What is the efficient market hypothesis?
The efficient market hypothesis (EMH) is an investment theory that states it’s impossible to consistently outperform the overall market, or ‘beat the market’. The theory is based on the assumption that all relevant information will be ‘universally shared’ and so shares always trade at their fair market value.
The idea was put forward by Eugene Fama in his 1970 book titled ‘Efficient Capital Markets: A Review of Theory and Empirical Work’ where he stated no one could continuously make investment returns over and above an average benchmark such as the S&P 500. He conceded that an investor might manage to find a stock to bring them short-term profits, but over the long term, there’s no way to bring in higher-than-average returns.
What is the strong form efficient market hypothesis?
Strong form EMH is a version of the theory that states all information about a stock – both public and private – is completely accounted for by the market, so there is no way an investor can achieve above-average returns.
What is the semi-strong form efficient market hypothesis?
Semi-strong form EMH is a slightly diluted version of the theory, which states that all public information is priced into market prices so the only way an investor can boost their returns is to use information that is not available to the public.
What is the weak form efficient market hypothesis?
Weak form EMH suggests that stock prices reflect all historical data, so no technical analysis will be able to create outsized returns. However, it does concede that fundamental analysis can be used to identify undervalued and overvalued shares to increase their chances of beating the market.
What are the implications of the efficient market hypothesis?

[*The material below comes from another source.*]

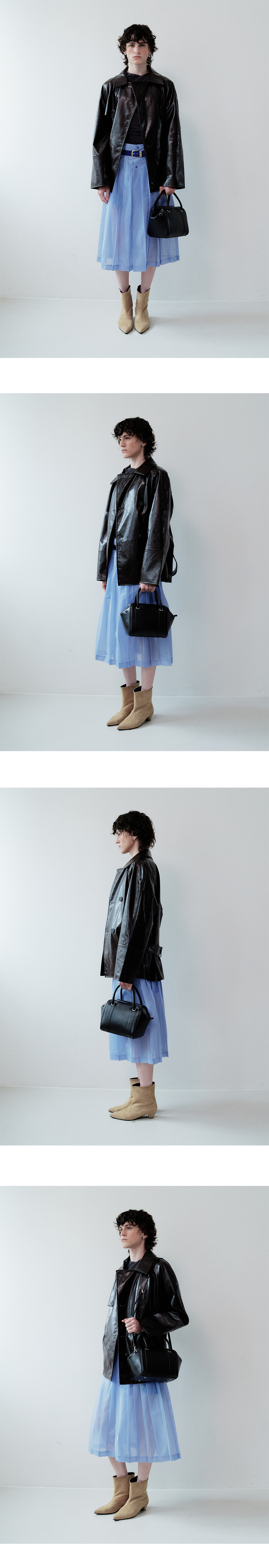 이태리 풀업 가죽으로 제작된 커들백은 시간이 지날수록 더욱 깊이 있는 질감을 만들어내는 매력을 지니고 있습니다. 부드럽고 쫀득한 촉감이 손에 자연스럽게 감기며, 중앙으로 살짝 흐르는 듯한 실루엣이 세련된 여유로움을 더합니다. 컴팩트한 사이즈이지만 내부 공간 활용이 뛰어나, 데일리 백으로 손색이 없습니다. 토트와 크로스로 모두 연출 가능해 스타일링에 따라 다양한 무드를 완성할 수 있으며, 은은한 광택과 유연한 구조감은 오래도록 함께할 수 있는 가치를 담고 있습니다.

The main implication of the efficient market hypothesis is that stocks always trade at their fair value, meaning a company’s shares can never be overvalued or undervalued. If the theory is true it would be impossible for a trader or investor to ‘beat the market’ because any information that could be used to predict market movements is already priced in.
However, we know that the market doesn’t respond like this in a large part due to the psychology of individual participants. Traders can overreact to new information, which can cause price swings – both positively and negatively.
Arguments against the efficient market hypothesis
One of the main arguments against EMH is the occurrence of stock market bubbles and market crashes. The very fact that share prices can rise so high and fall so rapidly is a clear indication that shares don’t always trade at their fair value.
For example, the dot-com bubble saw internet companies’ share prices rise to extreme heights in just a couple of years – the valuations were not based on income, but on optimism that these tech firms would experience growth. When the bubble burst, it caused a global bear market as traders rushed out of their positions. Share prices went from one extreme to the other, based on market sentiment rather than fundamentals.
Fama did concede that the EMH wouldn’t work 100% of the time because random events will always occur, but he did say that prices would always correct. However, the EMH doesn’t include any definitive timeframe for how long it would take time for markets to respond, so there is no way to know when the EMH would consider a market price ‘fair’.
Another criticism of the EMH is that investors don’t always respond in the same way to information due to differences in valuation methods – some look at the value of a stock, others look at growth opportunities.
And a final criticism is that we have very prevalent examples of people who have beaten the market. You just have to look at famous investors like Warren Buffet to see that one investor can achieve large returns while others can’t. Under EMH, if one investor is profitable then the market as a whole will be – but this just isn’t true. The only way the theory believes individuals can make outsized returns is through pure speculation, as no fundamental or technical analysis can guarantee results.
Summary: are markets efficient?
There is a growing belief that markets are more efficient now than they have ever been thanks to the rise of computerised algorithms and the ease at which information about shares is available. However, as most decisions are still made by individuals, there is always room for error. Human emotions like greed and fear are known to get the better of investors, which still leads to market anomalies.
We can see an ‘inefficient’ market movement in the recent Reddit stocks trend, in which retail investors using the r/WallStreetBets forum were able to increase the value of GameStop and other shares well beyond their true value.